I am using WIn XP on both of my computers and only have the advantage of file sharing. I have a Switch that allows me to share my broadband internet connection and the files on both computers. I would like to know how I can share the applications (softwares) that are in the Program Files folder of my computers. Whenever I try to access the folder, I gives me the message that I do not have sufficient previliges or Program Files is not accessible.
I also want to share my Printer and Scanner. Is there any way I can share all these things? Pls. let me know how, as an admin, I can have best network.

Your answers would be very much appreciated :sayyes:


----------



## whodat (Mar 13, 2005)

look through some of microsofts help links
*here*


----------



## johnwill (Sep 26, 2002)

What specific "switch" do you have, is this a broadband router?

All machines are must be in the same subnet, i.e. 192.168.0.x where x is any number. The subnet mask should be 255.255.255.0 for most small networks.

Turn off any firewalls for debugging. If the firewall is the problem, you'll have to configure it to allow access to "trusted zone" addresses. Note that some firewalls must be completely uninstalled to stop them from affecting your networking.

PING each computer by IP address, and if successful, PING by name. You can obtain the IP address of a computer by opening a command prompt (DOS window) and typing IPCONFIG. This should work for any Windows version.

All computers should be in the same workgroup for computer browsing to function properly. File & Print Sharing has to be enabled on any computer you wish to share files or printers from. You also need to actually share the resource in question from My Computer, right click on the drive/printer/folder, and select sharing.
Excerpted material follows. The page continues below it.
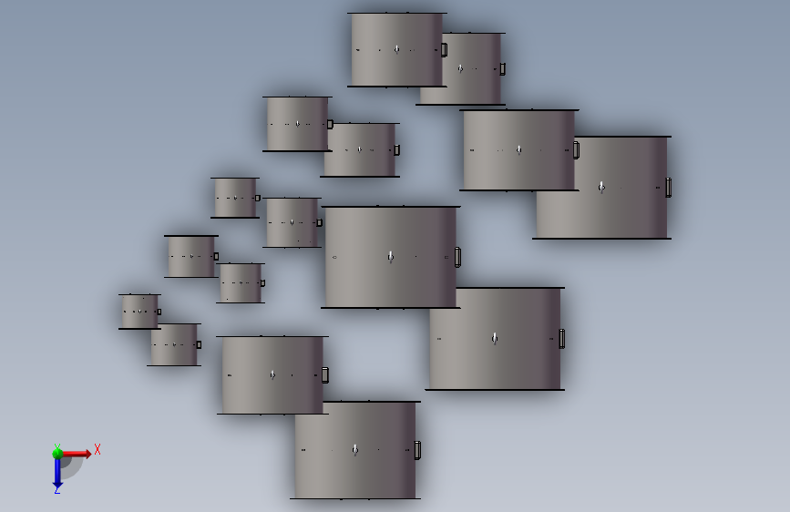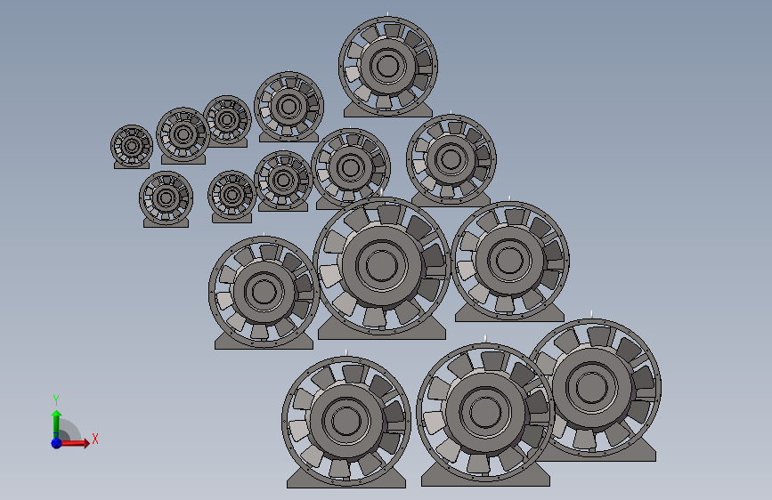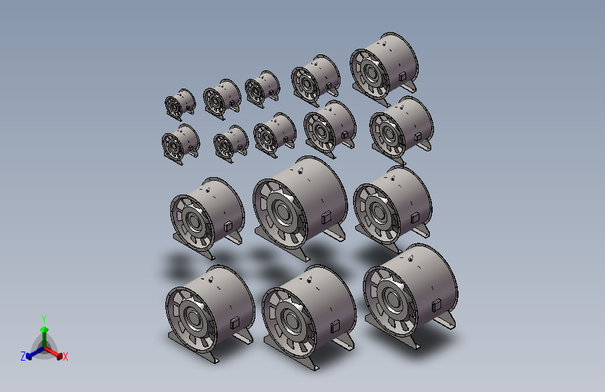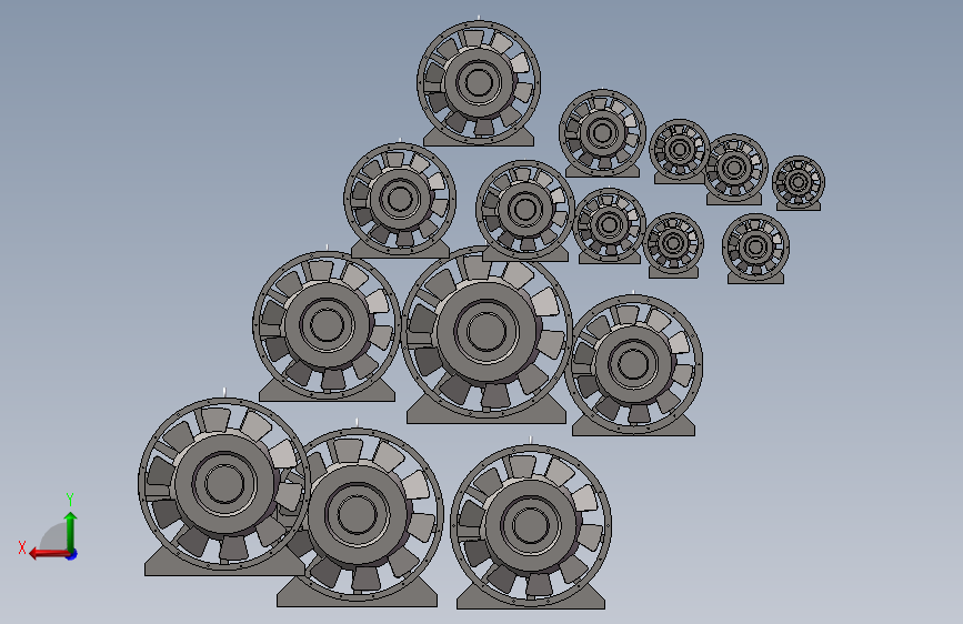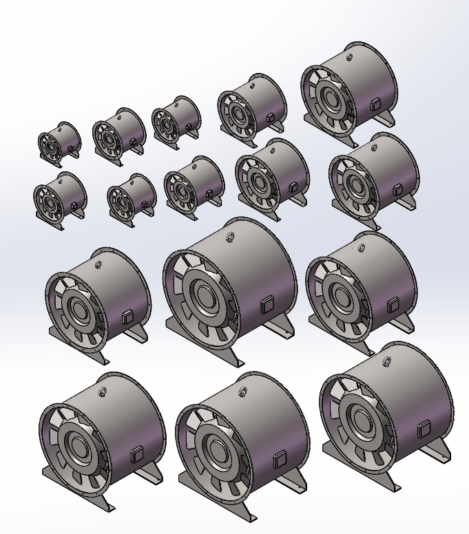 本图为:混流风机3d模型,型号: SWF型,共计: 16款,机号:3.5至13,功率(kW):0.25-30kw,流速(m³/h) 2045~84386,全型号,

If you encounter difficulties accessing computers that are visible in Network Neighborhood, make sure the computer being accessed has an account with the same name/password as the system connecting to it uses to login.


----------



## inferno (Jul 5, 2005)

*Printer Sharing now successful*

Thanks for all the good tips Johnwill. I am able to share the printer over my network.
I would like to ask again if it is possible to have application sharing? If I have Adobe products only on this PC, can I access them from the other PC through any kind of networking?


----------



## kodi (Jun 30, 2004)

Go to My Computer locate the drive/folder/program you want to share and right click on it go to sharing then set it up from there.
Any problems come back to us and we can help.


----------



## inferno (Jul 5, 2005)

*Sharing applications*

Excellent! but one problem. On Photoshop, Imageready, dreamweaver etc, it starts the software but then displays message:
Could not fully start the application. The personalization Information is invalid.
Anyway to still share it guys???
Thanx for all this help!


----------



## JokerFMJ (Dec 26, 2004)

No, you can't share them to my knowledge. It looks for things in the registry from the computer attempting to run the program and when it doesn't find them, that's when the error messages appear. So you can share files but not programs.


----------



## johnwill (Sep 26, 2002)

The applications you're talking about are not client-server applications, so you need a full installation on each machine.


----------



## inferno (Jul 5, 2005)

*Thanx*

Thanks alot for increasing to my knowledge.
Thanks everyone for contributing


----------



## Terrister (Apr 18, 2005)

You could use a program like remote desktop to run the program on the other computer.


----------